--- INFORMATION GIVEN ---

================================

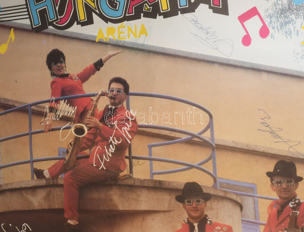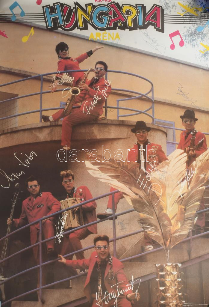 1983 A Hungária együttes tagjainak aláírásai plakáton: Flipper Öcsi (Jeszenszky Béla Tibor), Dolly (Penczi Mária Ilona), Fekete Gyula, Kékes Zoltán, Dedy (Zsoldos Gábor), Novai Gábor, Fenyő Miklós. Feltekerve, kis lapszéli szakadással, 96x67 cm
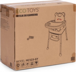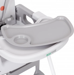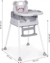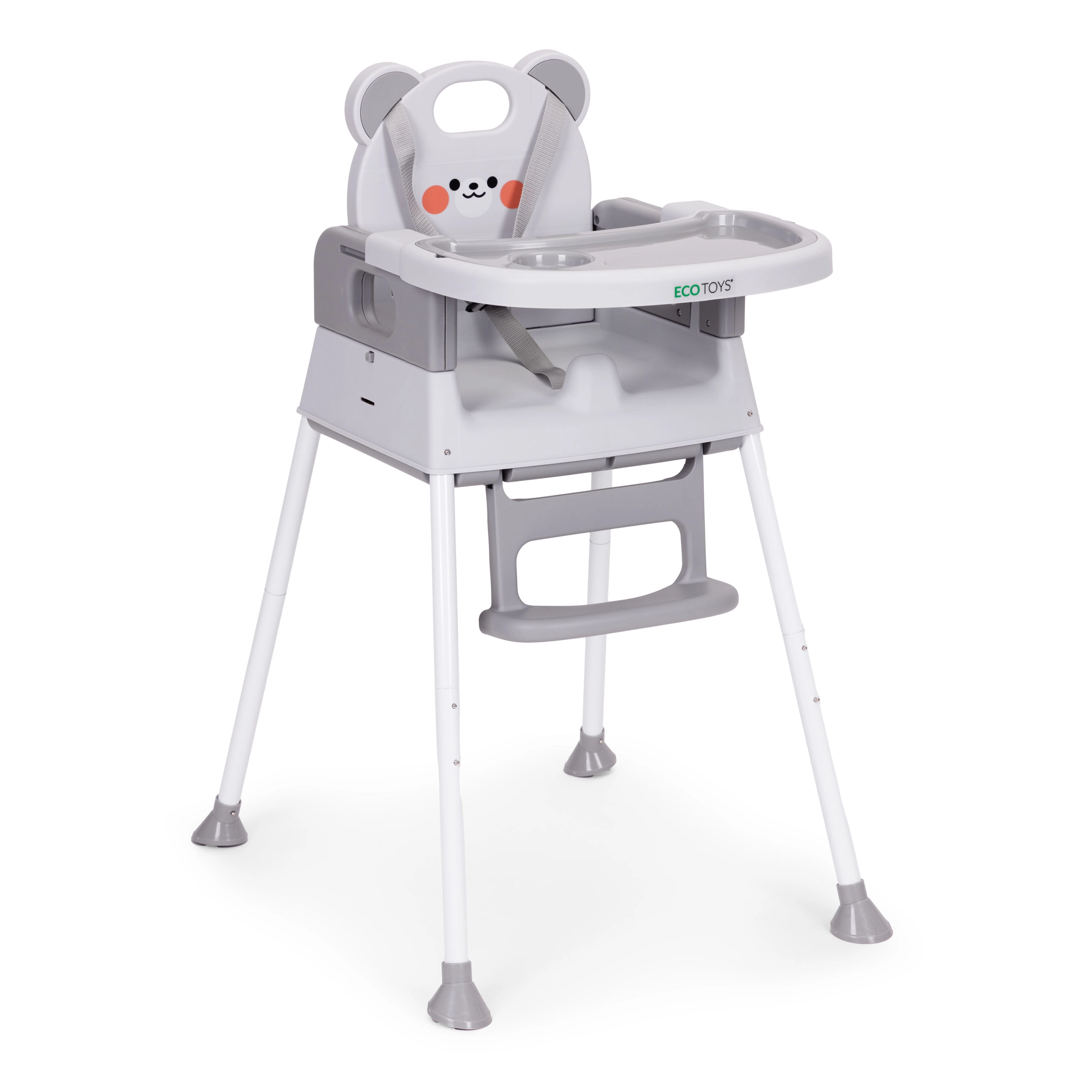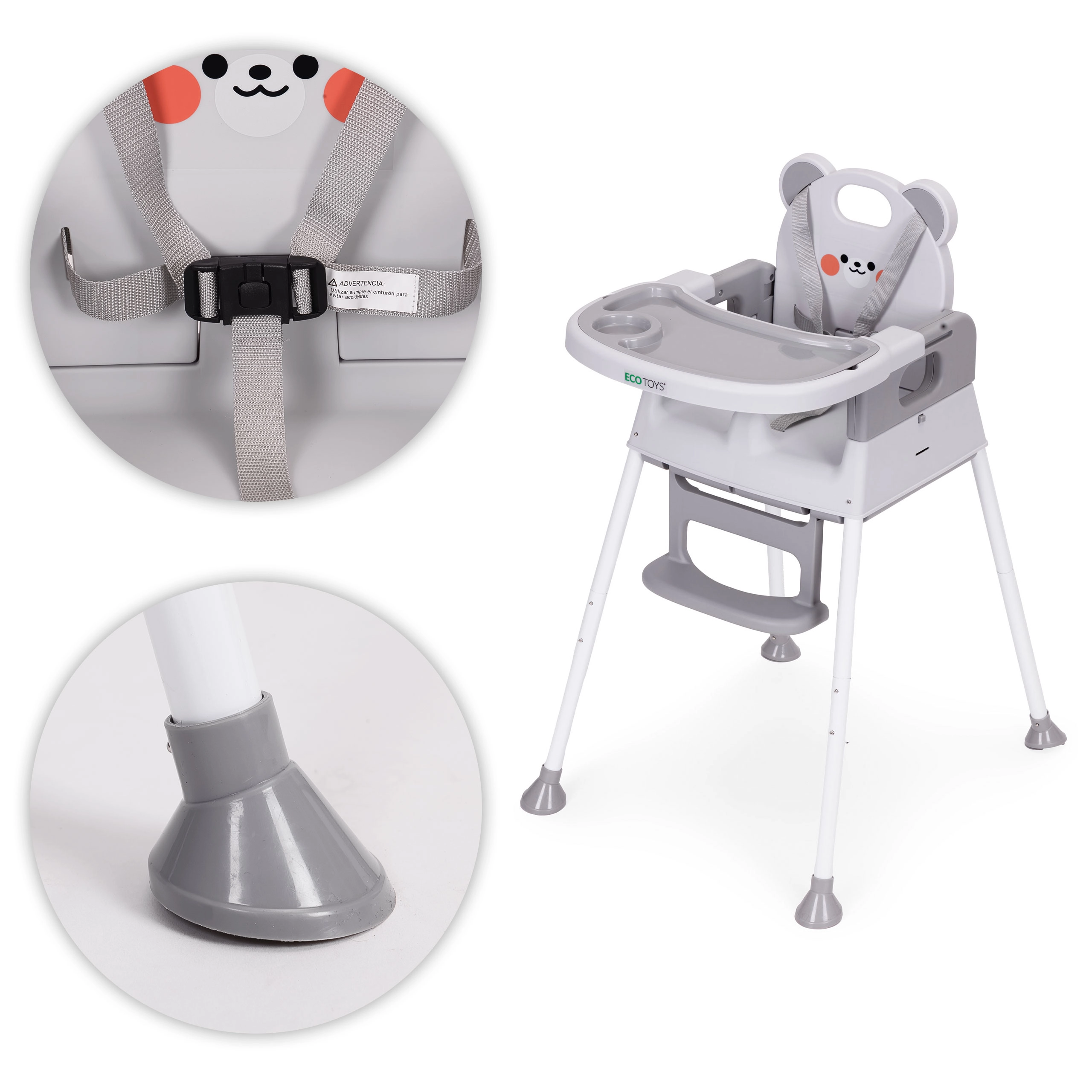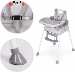 Für Sicherheit sorgen der 5-Punkt-Gurt, die Schritt-Sicherheitsbarriere gegen Abrutschen und rutschfeste Füße. Das breite Doppeltablett mit erhöhten Rändern und Becherhalter ist verstellbar; die obere Schicht lässt sich leicht abnehmen und in der Spülmaschine reinigen. Fußstütze und ergonomischer Sitz gewährleisten richtige Sitzhaltung und Komfort beim Essen und Spielen.
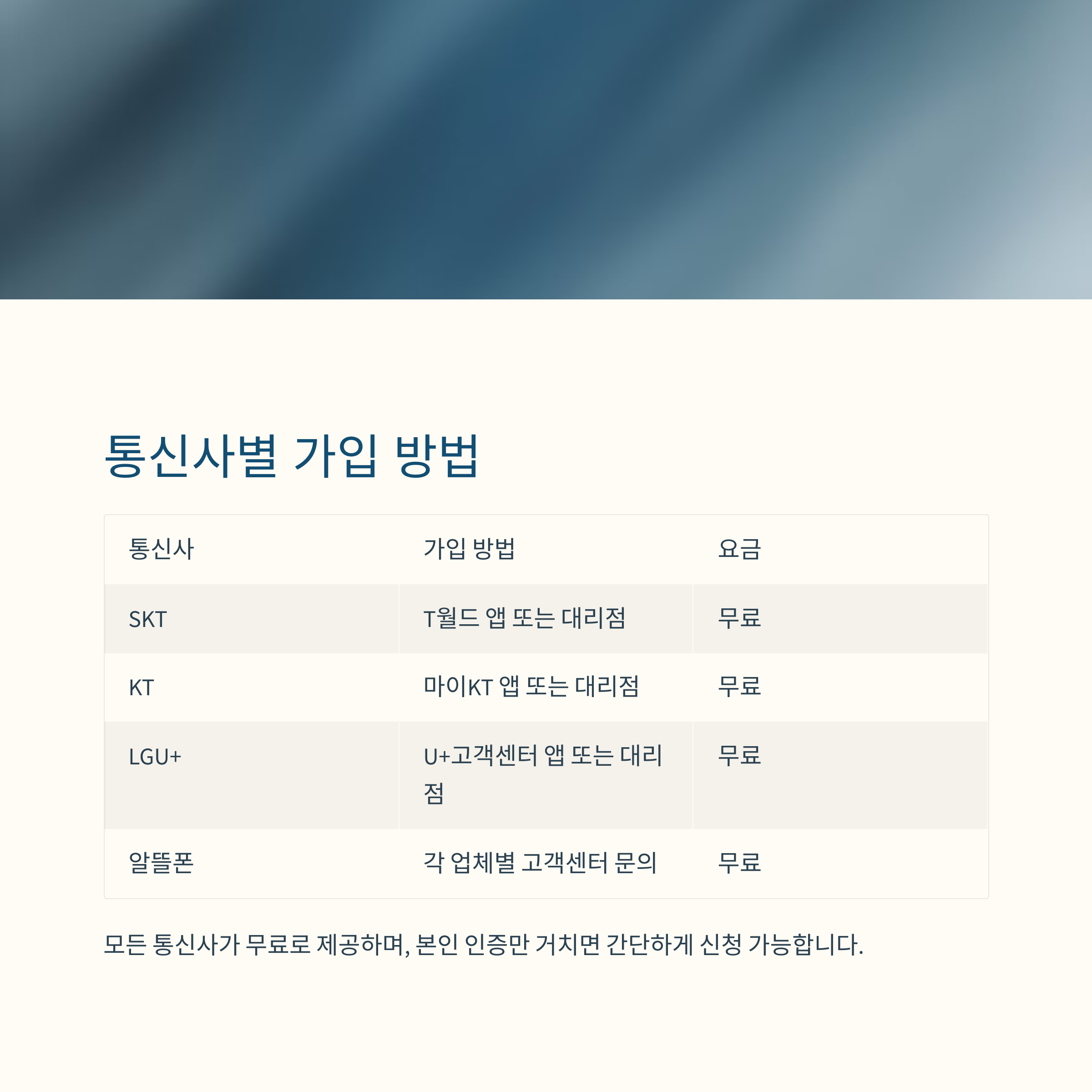 | SKT | T월드 앱 또는 대리점 방문 | 무료 |
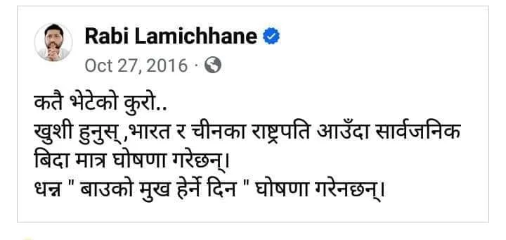 आज कतारका अमिर आउने दिनमा गृह मन्त्रालयले दिएको बिदालाई लिएर सामाजिक सञ्जालमा उनको पुरानो अभिव्यक्ति उत्खनन् भएपछि लामिछानेले यस्तो प्रतिक्रिया दिएका हुन् ।
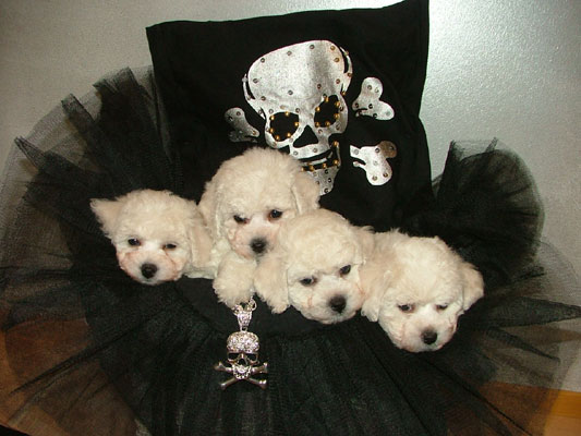 Vauvat kuvassa 6 viikkoa. Vasemmalta: W. Pirate Angel "Pepi", W. Pirate "Woody",
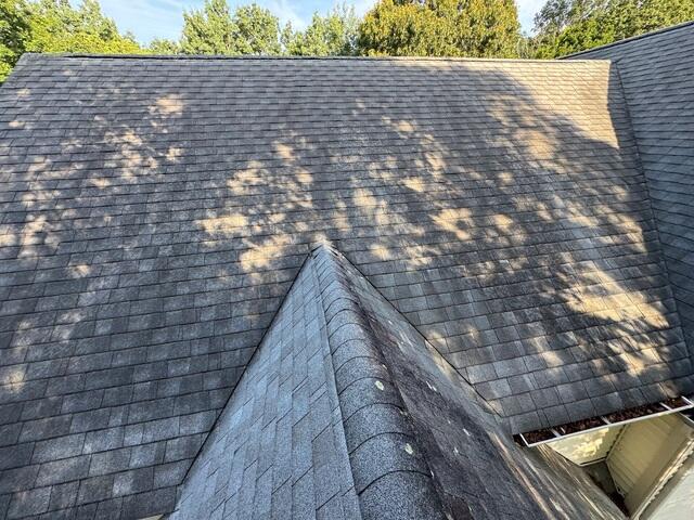 We met this nice couple on a beautiful weekday morning. Besides the roof being old and not looking great, the quality was shoddy, and it also had algae on it. Algae causes moisture buildup, condensation around the nails, and small leaks. The cap shingles were also backward and nailed down through the shingle face. Usually, we would overlap other shingles on top of these nails because exposed nails generally lead to leaks.
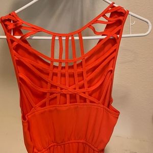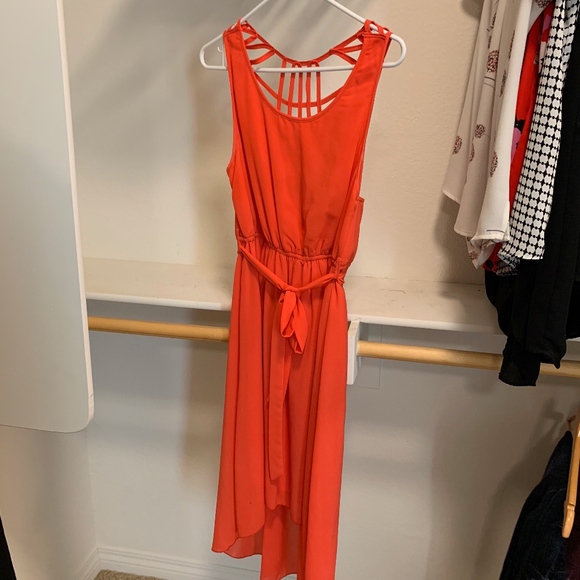 Coral hi low dress with open cut out pattern at upper back, optional tie at waist. only worn once
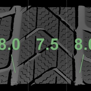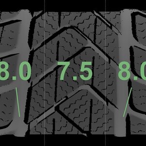 Die gemessenen Profiltiefen und andere Merkmale sind oben abgebildet.
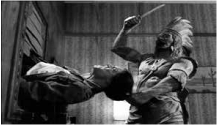 Antes de los años setenta, cuando la deliciosa ingenuidad de Roger Corman y la Hammer era lo predominante en un terror cinematográfico aún por asentar, la violencia y el odio sufridos por los indios ya hacía tiempo que se mostraba en los western sin dobleces, en un proceso a medio camino entre la naturalización y la censura de un hecho histórico consumado. Ahí están Centauros del desierto (The Searchers, 1956), Pequeño gran hombre (Little big man, 1970) o Un hombre llamado caballo (A man called horse, 1970) como ejemplos del sentimiento de culpa asentado en el inconsciente colectivo de una nación que el cine se encargó de reflejar. De cualquier modo, este reconcomio no es uniforme y si bien encontramos films como los anteriores, donde directamente se ejemplifica el genocidio, hay otros que tratan la cuestión desde una perspectiva más insinuante, sugestiva y simbólica. Así, el recurso del espíritu de un piel roja que vuelve buscando venganza es un método indirecto para reflejar un complejo nacional tan consciente de sí mismo como en cualquier otra película moralista de indios y vaqueros (Bosch, 1986, p.77).
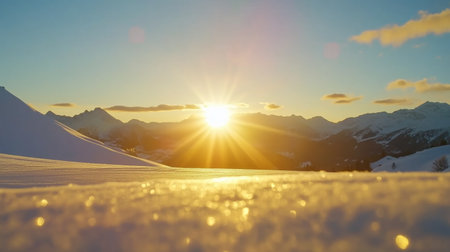 Beautiful winter sunrise over snow-covered mountains with golden rays illuminating the landscape
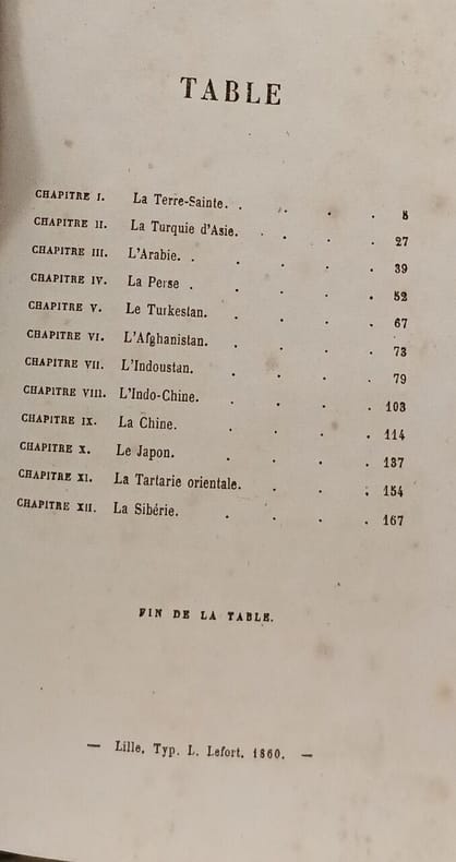 L. Lefort Imprimeur - Libraire in12. Sans date. Cartonné. Ouvrage du XIXe siècle (1882) qui compile et synthétise les récits des voyageurs les plus célèbres ayant exploré l'Asie. Il couvre de nombreuses régions asiatiques dont la Terre Sainte la Turquie le Turkestan l'Afghanistan l'Indoustan l'Indochine la Chine le Japon la Tartarie et la Sibérie

================================

--- YOUR ASSIGNMENT ---
Every line above in the stretch from the one with "Coral hi low" through the one with "Die gemessenen Profiltiefen" is to be transcribed exactly, ends included. No picture is copied.

--- TASK RESULT ---
 Coral hi low dress with open cut out pattern at upper back, optional tie at waist. only worn once
 Die gemessenen Profiltiefen und andere Merkmale sind oben abgebildet.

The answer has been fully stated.